Jai Prakash et al. Pharm Res. 2008 Oct.
Free article

Abstract

Purpose: Activation of tubular epithelial cells by transforming growth factor-beta (TGF-beta) plays an important role in the pathogenesis of renal tubulointerstitial fibrosis. We developed a renally accumulating conjugate of a TGF-beta type-I receptor kinase inhibitor (TKI) and evaluated its efficacy in vitro and in vivo.

Methods: TKI was conjugated to the protein Lysozyme (LZM) via a platinum-based linker. TKI-LZM was evaluated in human tubular cells (HK-2) for its anti-fibrotic activity. Plasma, kidney and urine drug levels after a single intravenous dose of TKI-LZM in rats were determined by HPLC or immunodetection. Anti-fibrotic effects of TKI-LZM were examined in the unilateral ureteral obstruction (UUO) model.

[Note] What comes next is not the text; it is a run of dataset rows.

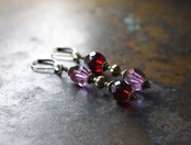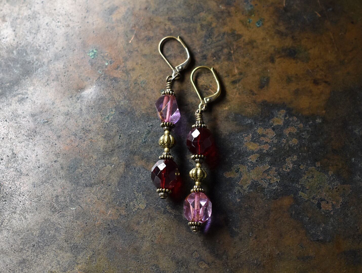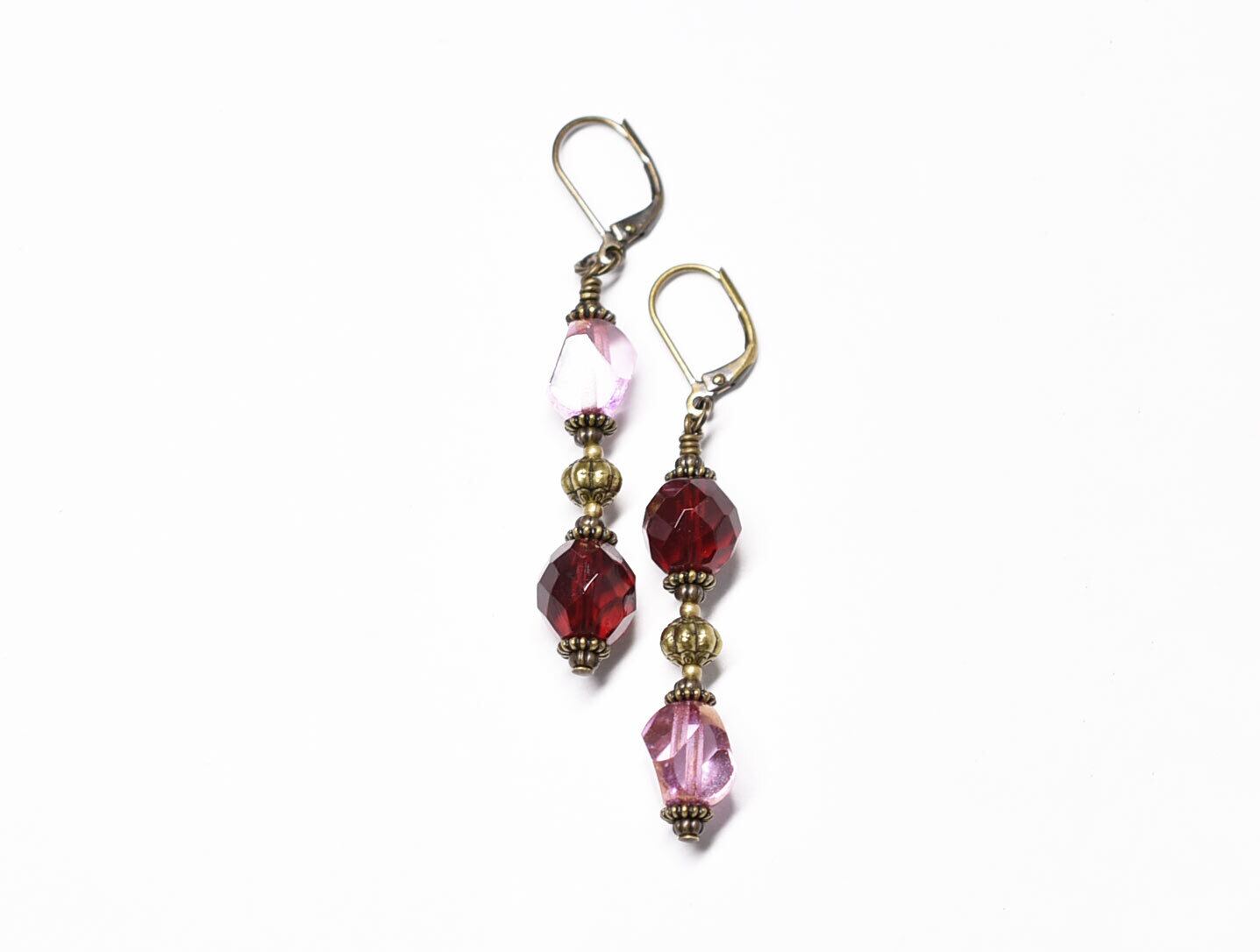 オペラピンクチェコビーズと深紅チェコビーズ、手毬ブラスのアンシメトリーピアス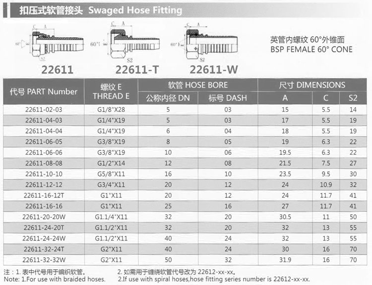 詳細信息 22611-02-03,22611-04-03,22611-06-05,22611-08-08,22611-10-10,22611-20-20W,22611-32-24T,扣壓式軟管接頭 22611-04-04,22611-06-06,22611-12-12,22611-16-12T,22611-16-16,22611-24-20T,22611-24-24W,22611-32-32W,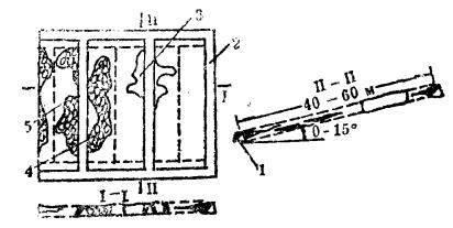 采切布置:此法采切布置主要有阶段脉内平巷(1)和天井以及脉内分段平巷(2)。脉内分段平巷间距一般为10~20米, 主要取决于矿脉沿倾向的多变性和上盘围岩的稳固性。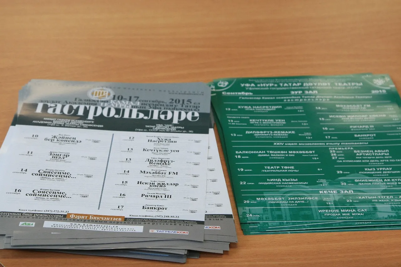 ӨФӨ, 2015 йыл, 27 август. /«Башинформ» мәғлүмәт агентлығы, Ләйлә Аралбаева/. 10 сентябрҙән 17-нә тиклем Өфөлә Ғ.Камал исемендәге Татар дәүләт академия театры гастролдәре

Results: TKI-LZM conjugate was successfully synthesized at an 1:1 drug/carrier ratio, and inhibited TGF-beta1-induced procollagen-1alpha1 gene expression in HK-2 cells. In vivo, TKI-LZM accumulated rapidly in tubular cells and provided a local depot for 3 days. Interestingly, a single dose of TKI-LZM inhibited the activation of tubular cells and fibroblasts in UUO rats and reduced renal inflammation. In contrast, free TKI at an equimolar (low) dosage exhibited little effects.

Conclusions: Inhibition of TGF-beta signaling by local drug delivery is a promising antifibrotic strategy, and demonstrated the important role of tubular activation in renal fibrosis.